Exercise aim.
Skip the pictures and write out, word for word, the lines below from the one with "欧美玫瑰纹身 男生手臂上花朵纹身图片" through the one with "1. 打开官网,点击【买币】-【C2C 买币】-【C2C】-【购买】,选择可交易的商家进行购买", inclusive.

-------- Listed entries --------

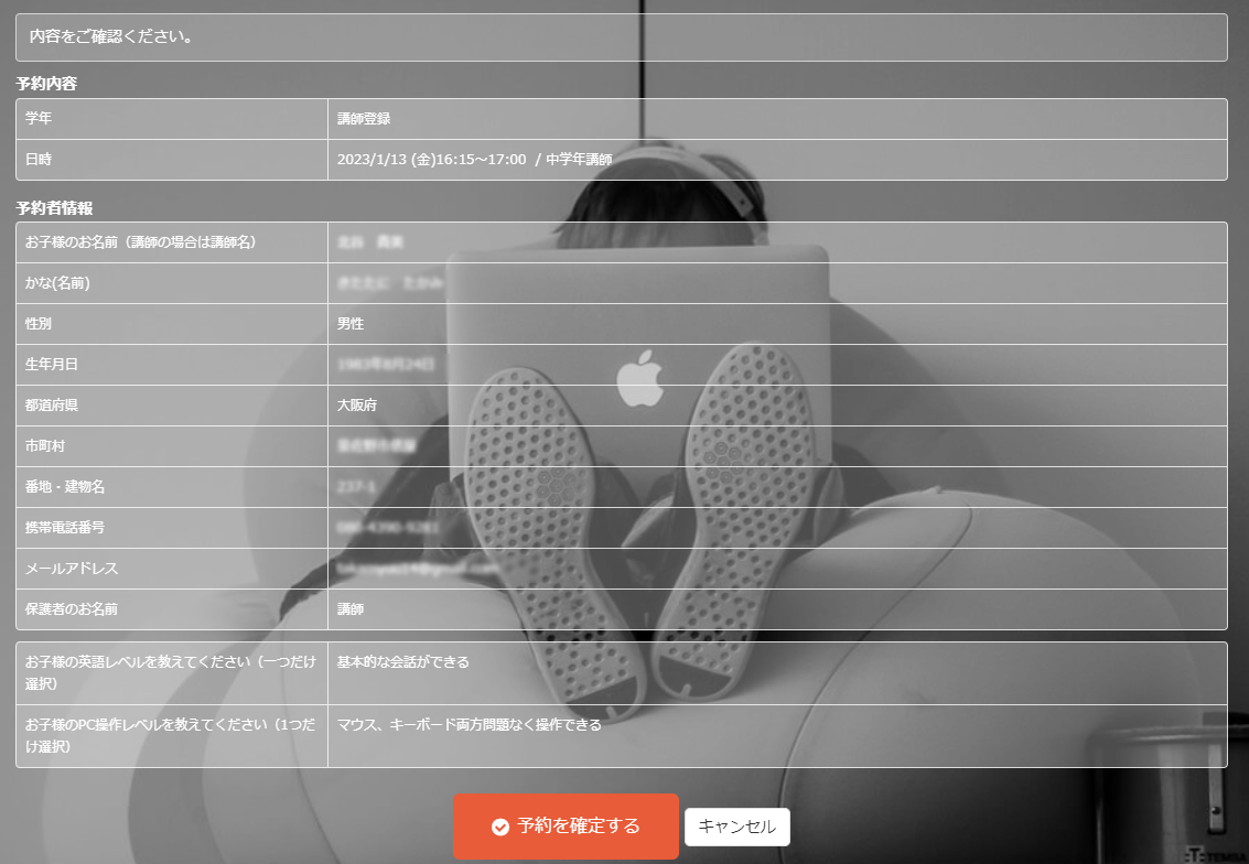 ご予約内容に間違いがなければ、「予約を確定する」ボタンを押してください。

--------
-------- Listed entries --------

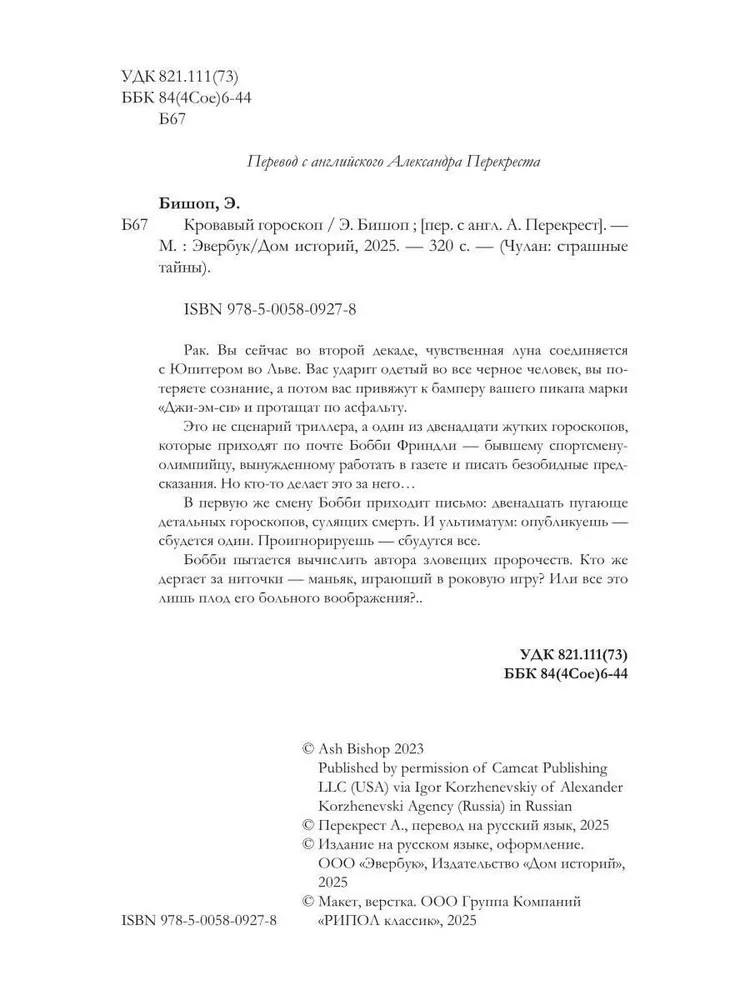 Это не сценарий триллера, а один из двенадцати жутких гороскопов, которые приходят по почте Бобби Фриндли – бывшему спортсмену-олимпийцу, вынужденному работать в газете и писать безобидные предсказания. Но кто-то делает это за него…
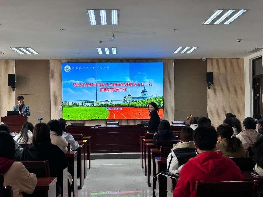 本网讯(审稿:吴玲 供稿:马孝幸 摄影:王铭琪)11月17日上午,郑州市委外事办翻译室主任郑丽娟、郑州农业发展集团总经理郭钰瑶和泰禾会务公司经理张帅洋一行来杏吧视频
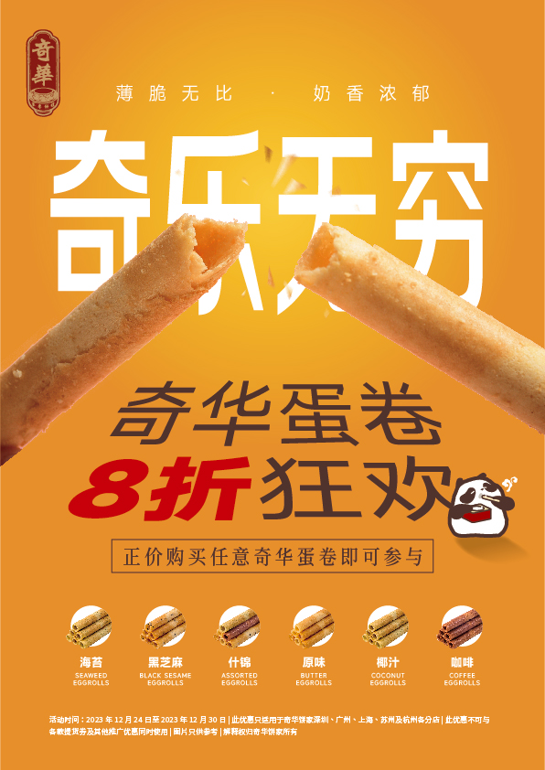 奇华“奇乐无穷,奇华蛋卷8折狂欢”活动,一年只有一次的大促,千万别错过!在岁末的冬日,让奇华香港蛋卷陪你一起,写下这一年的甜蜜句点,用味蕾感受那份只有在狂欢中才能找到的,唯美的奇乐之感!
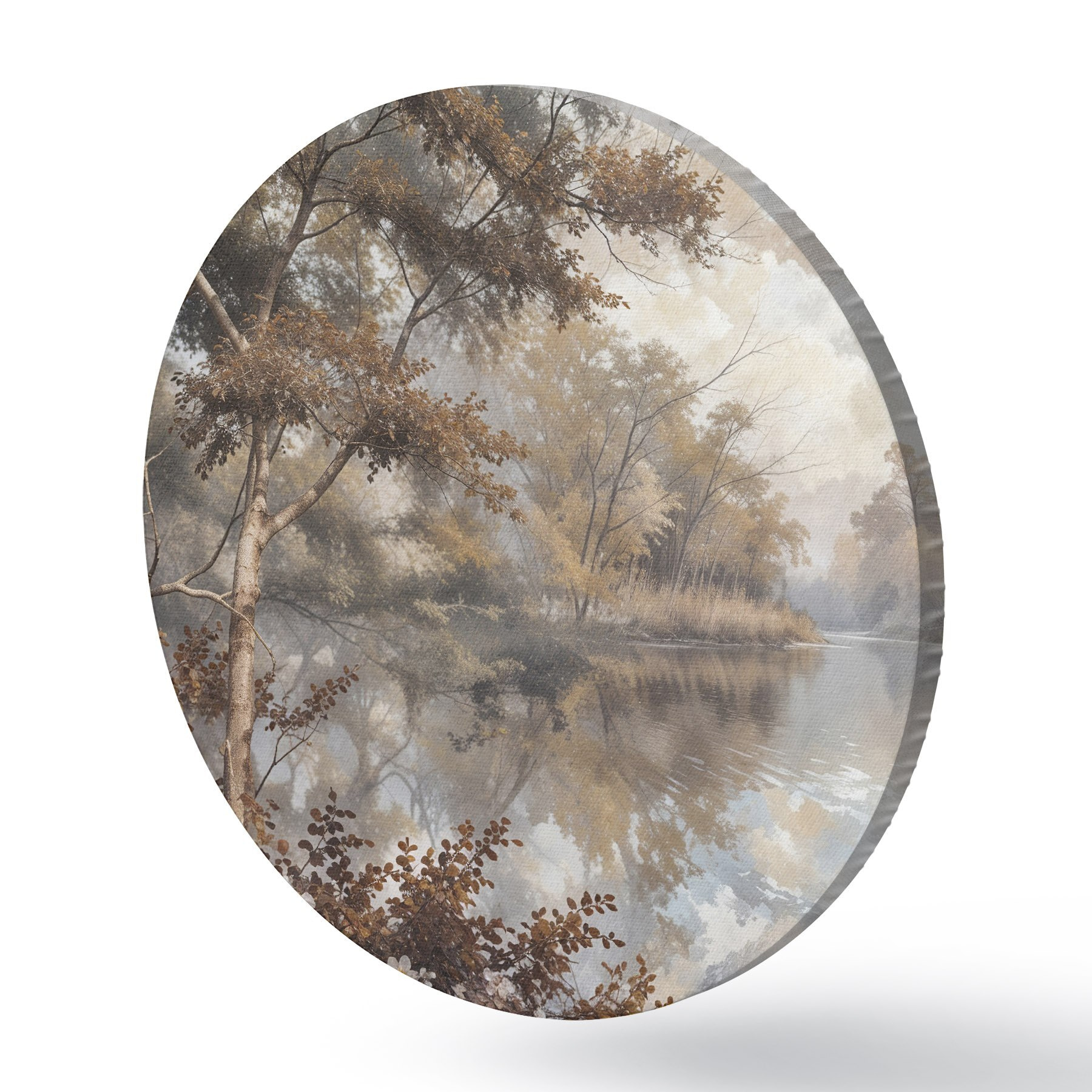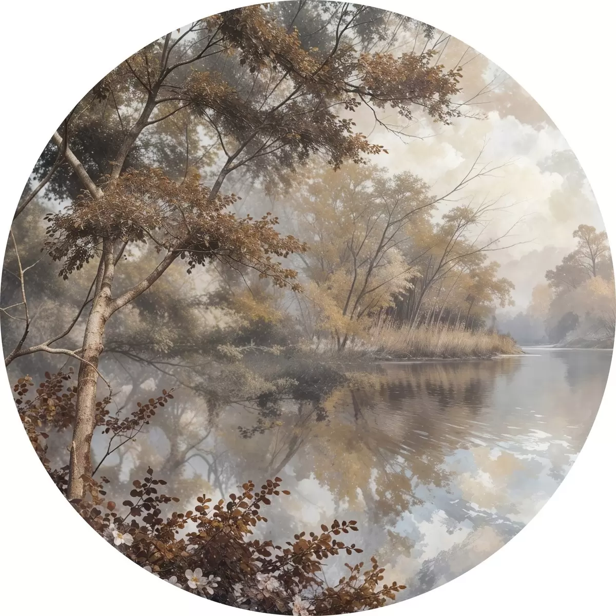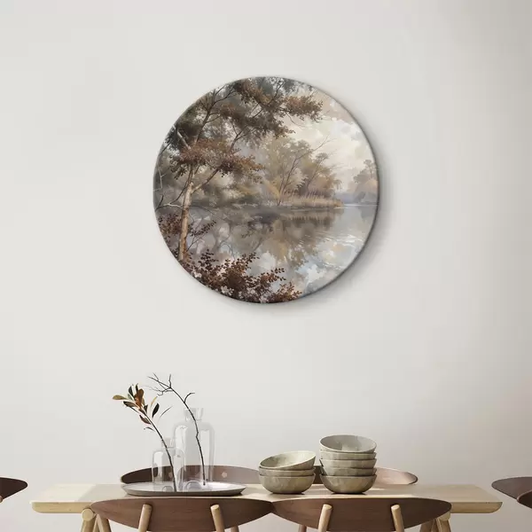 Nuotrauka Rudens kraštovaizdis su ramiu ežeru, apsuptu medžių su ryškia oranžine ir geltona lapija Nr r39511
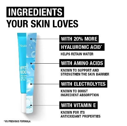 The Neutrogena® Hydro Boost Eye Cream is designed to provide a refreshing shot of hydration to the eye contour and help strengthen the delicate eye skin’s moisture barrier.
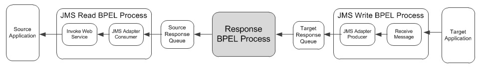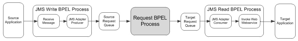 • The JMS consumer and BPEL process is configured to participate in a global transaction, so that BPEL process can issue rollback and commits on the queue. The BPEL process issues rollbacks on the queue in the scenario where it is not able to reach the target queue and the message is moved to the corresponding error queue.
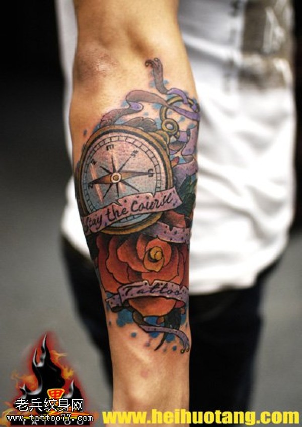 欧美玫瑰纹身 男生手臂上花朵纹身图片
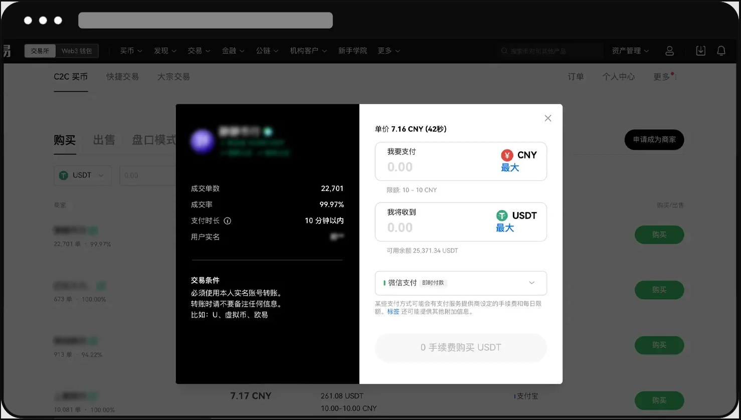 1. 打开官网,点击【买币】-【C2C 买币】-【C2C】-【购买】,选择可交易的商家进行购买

--------
-------- Listed entries --------

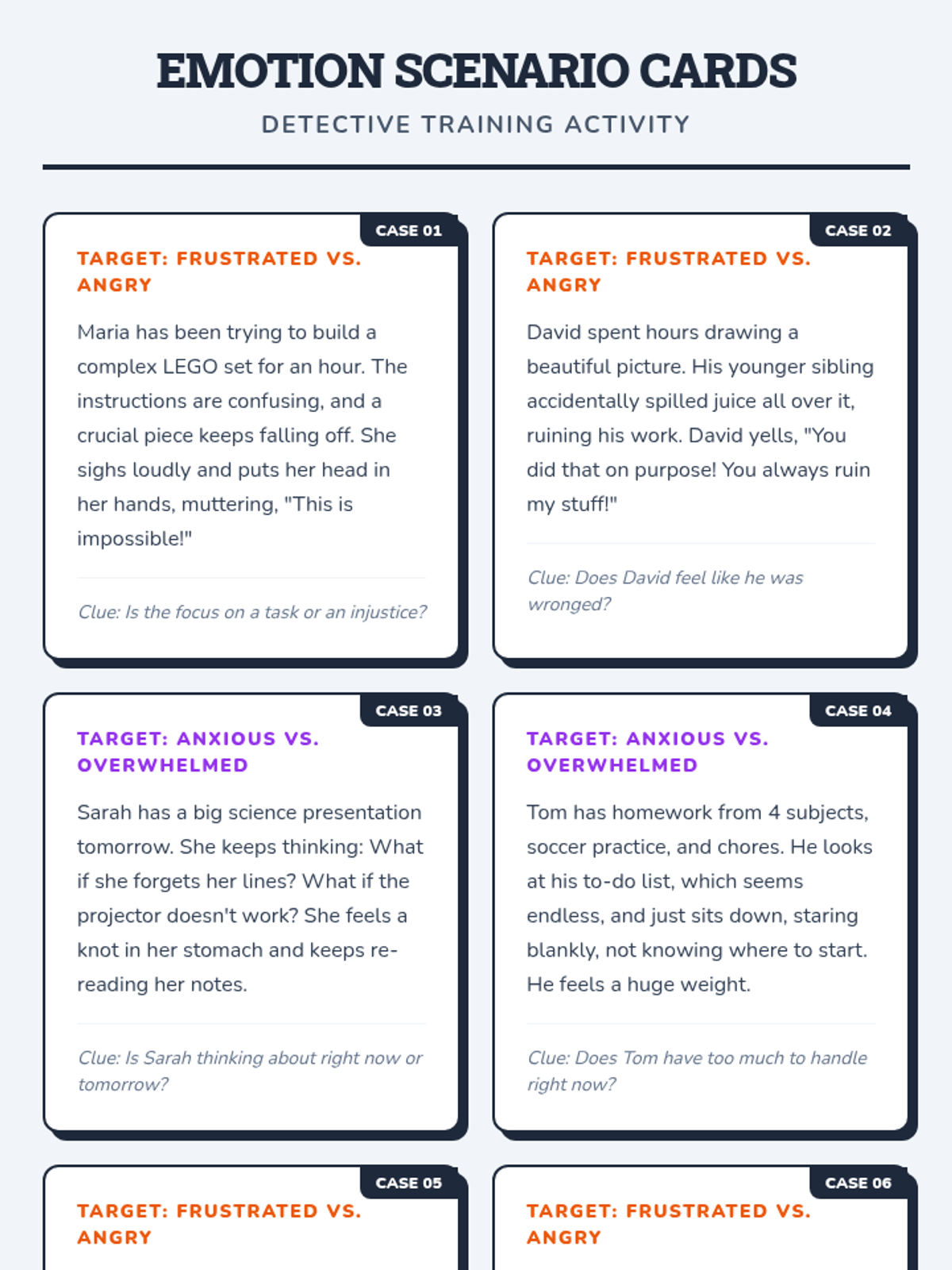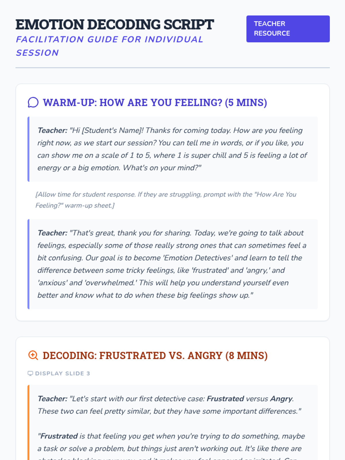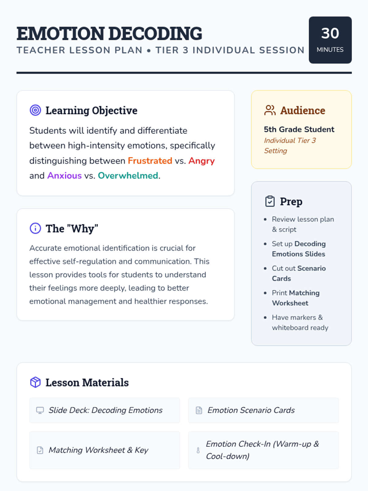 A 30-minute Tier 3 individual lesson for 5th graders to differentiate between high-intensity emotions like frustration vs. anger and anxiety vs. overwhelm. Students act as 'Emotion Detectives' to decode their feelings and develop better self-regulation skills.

--------

Solution to this exercise.
 欧美玫瑰纹身 男生手臂上花朵纹身图片
 1. 打开官网,点击【买币】-【C2C 买币】-【C2C】-【购买】,选择可交易的商家进行购买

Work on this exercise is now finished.